В сущности, живо непосредственными, по-детски свежими были его реакции на прочитанное, увиденное, услышанное. Он всегда отыскивал тут что-то свое и этому своему радостно удивлялся как многообещающему предмету для размышлений. Он очень любил слушать песни нашего барда Фреда Солянова (1930 – 1972), получившего, к сожалению, гораздо меньшую известность, чем того заслуживал его неподдельно яркий талант поэта, прозаика и исполнителя. И когда Фред пел свою «философическую» песню об атаке технологического прогресса: «Добрые роботы идут…» – Арон, находя отклик каким-то собственным соображениям, начинал с энтузиазмом подпевать и отбивать такт. А когда у певца дело доходило до сарказма: «Под нержавеющей пятой / Спит одуванчик золотой. / Добрый робот одуванчик дарит вам…», - Арон всей своей мимикой выражал живейшее сопереживание эмоциям автора и чуть ли не поднимал назидательно  палец. Иногда он даже сочинял и вставлял в песню Фреда какую-нибудь строчку или словосочетание, впоследствии сохраняемые бардом. В августе 1996 года, в ответ на присланную мною книжку Фреда Солянова с моим предисловием, Арон писал: «Многие старые песни Фреда я довольно часто вспоминаю. <…> Мне было очень приятно, что Фред помнит о “нашем сотрудничестве” <…> Я благодарен Фреду за стих, посвященный нашему отъезду. Не знаю, когда он написал этот стих, но концовку его “Профессор начинает жизнь сначала, / Чтобы Россия начала с конца” я проинтерпретировал по-своему, и она прозвучала для меня пророчески». (Далее в письме идут, возбужденные этими афористическими строчками, историософские и этические рассуждения самого общего порядка.

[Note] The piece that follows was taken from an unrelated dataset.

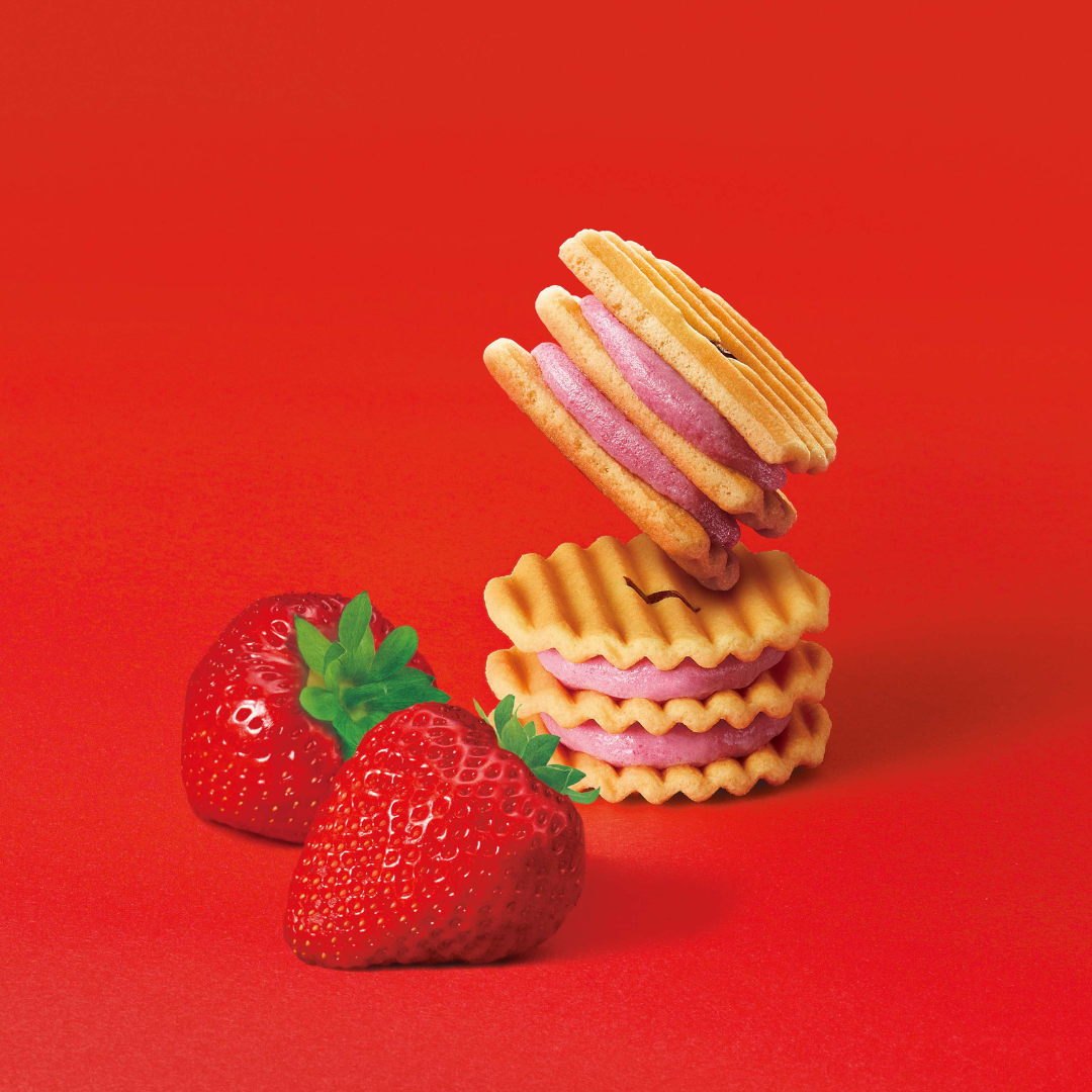 あまおう苺クリームの甘酸っぱさを味わえる、2段重ねの姫千寿せんべい。

Но письма Арона – особая статья,  ниже я скажу о них несколько слов и приведу кое-какие выдержки.) 

Однако попутно – раз уж вклинилось упоминание о такой теме, как технологическая революция, - замечу: Арон не раз удивлял меня заявлениями, что ему намного интереснее, намного больше его занимают творения человеческих рук и ума, чем нерукотворная природа – «поля, леса, долины, горы, воды», объекты моего всегдашнего изумленного восхищения. Кстати, позднейшее объяснение этому можно найти в строках из только что процитированного письма: «…я до сих пор верю в творческий мир, в то, что мир полуупорядочен, что если и есть Бог, то он творит индетерминистский мир, развиваясь сам в процессе творения», - то есть творческое продолжение того, что имеется в наличности, увлекательнее самой этой наличности. Впрочем, могу предположить, что, переехав в Америку, повидав новые грандиозные ландшафты, дожив до преклонных лет, влекущих к созерцательности, Арон все же скорректировал эти свои предпочтения; ведь недаром он в США занимался, со своих научных позиций, эстетическими структурами, а тут красоту природы не обойдешь…

Насколько я могу судить, Арон за годы нашей московской дружбы проделал стремительный научный путь: от экономиста, занимавшегося в числе прочего полевыми исследованиями на одном из московских заводов, он превратился в специалиста широкого академического профиля по «управлению большими системами», то есть еще тогда пришел к предельному междисциплинарному синтезу.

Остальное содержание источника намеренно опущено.